Comprendre Loki, mythologie nordique en main plutôt qu'écran de cinéma, revient donc à accepter une ambiguïté que notre époque supporte mal. Ce n'est ni un traître de mélodrame ni un rebelle sympathique : c'est la part d'imprévu sans laquelle un monde ordonné cesserait de bouger, et par laquelle il finit par se briser. À l'époque viking, on ne lui bâtissait pas de temple ; on gravait sa mésaventure sur une pierre de forge, et on racontait ses coups à la veillée, autour d'un feu et d'une chope de bière partagée, entre deux récits sur Óðinn le voyageur à la lance. C'est peut-être là sa juste place : ni au sommet du panthéon, ni tout à fait en dehors, mais au coin du feu, là où se racontent les histoires qui dérangent.

Les questions les plus fréquentes sur sa nature, ses enfants, son châtiment et son rôle dans la fin du monde trouvent leurs réponses courtes juste ci-dessous.

Questions Fréquentes sur Loki

Qui est Loki dans la mythologie nordique ?

Loki est le dieu de la malice, de la ruse et du chaos dans la mythologie nordique. Fils du géant Farbauti, il vit parmi les dieux d'Asgard grâce à un pacte de sang avec Odin. Mi-allié, mi-ennemi des dieux, il est le personnage le plus complexe et imprévisible du panthéon nordique.

Loki est-il un dieu ou un géant ?

Loki est techniquement un géant (jötunn) par sa naissance, mais il est adopté parmi les Ases d'Asgard. Il n'est ni entièrement bon ni mauvais — il aide souvent les dieux à résoudre des problèmes (qu'il a parfois lui-même créés) tout en semant le chaos.

Quels sont les enfants monstrueux de Loki ?

Loki a engendré trois créatures terrifiantes avec la géante Angrboda : Fenrir (le loup géant qui dévorera Odin), Jörmungandr (le serpent-monde encerclant Midgard) et Hel (la déesse des morts). Il est aussi la mère de Sleipnir, le cheval à huit pattes d'Odin.

Pourquoi Loki a-t-il été enchaîné ?

Après avoir orchestré la mort de Baldr (le dieu le plus aimé), les dieux capturèrent Loki et l'enchaînèrent dans une caverne avec un serpent venimeux gouttant sur son visage. Sa femme Sigyn recueille le venin dans un bol, mais quand elle le vide, les gouttes provoquent les tremblements de terre.

Quelle est la différence entre le Loki nordique et le Loki de Marvel ?

Le Loki de Marvel est le frère adoptif de Thor, ce qui n'existe pas dans la mythologie. Le vrai Loki est le frère de sang d'Odin, pas de Thor. Le Loki mythologique est aussi plus sombre, responsable de la mort de Baldr et catalyseur du Ragnarök.

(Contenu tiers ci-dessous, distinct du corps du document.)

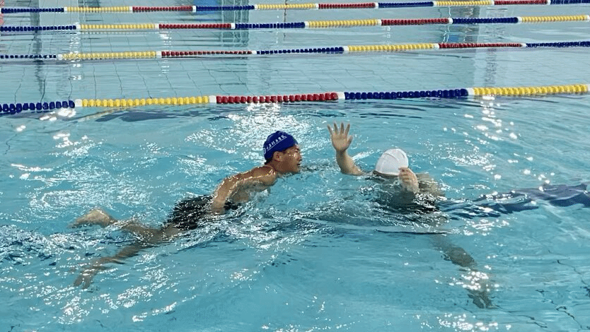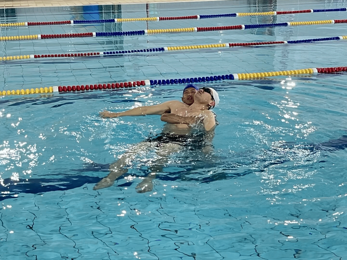 在观看完防溺水短片后,同学们转战游泳馆,进行“模拟溺水救援”。覃教练强调救援者应避免盲目下水。如果溺水者距离岸边较近,可以使用长杆、绳子或救生圈等工具进行救援。如果必须下水救援,应确保自己具备足够的游泳和救生技能,并尽可能从溺水者的背后或侧面接近,以防被溺水者紧紧抱住。接着亲自示范标准救援姿势,只见覃教练迅速游到溺水者后方,用左手从其左臂和上半身中间握住溺水者的右手,将溺水者带回岸边。上岸后还细致演示呼吸技巧,学员们聚精会神观摩,随后亲身实践,在水中摸索、尝试,不断纠正中逐渐掌握了溺水救援的方法。参与者表示,这样的培训和示范是很新颖的,希望之后能多举办类似这样的安全知识宣传活动。

Quel rôle Loki joue-t-il dans le Ragnarök ?

Lors du Ragnarök, Loki se libère de ses chaînes et mène l'armée des morts et des géants contre les dieux. Il pilote le navire Naglfar et combat le dieu Heimdall — ils s'entretuent mutuellement. Loki est donc à la fois l'instigateur et l'une des victimes de la fin du monde.

"Ne te fie jamais à la glace d'une seule nuit, ni aux paroles d'un homme que tu ne connais pas."

— Hávamál, strophe 81

Que les Ases vous guident sur le chemin de l'honneur.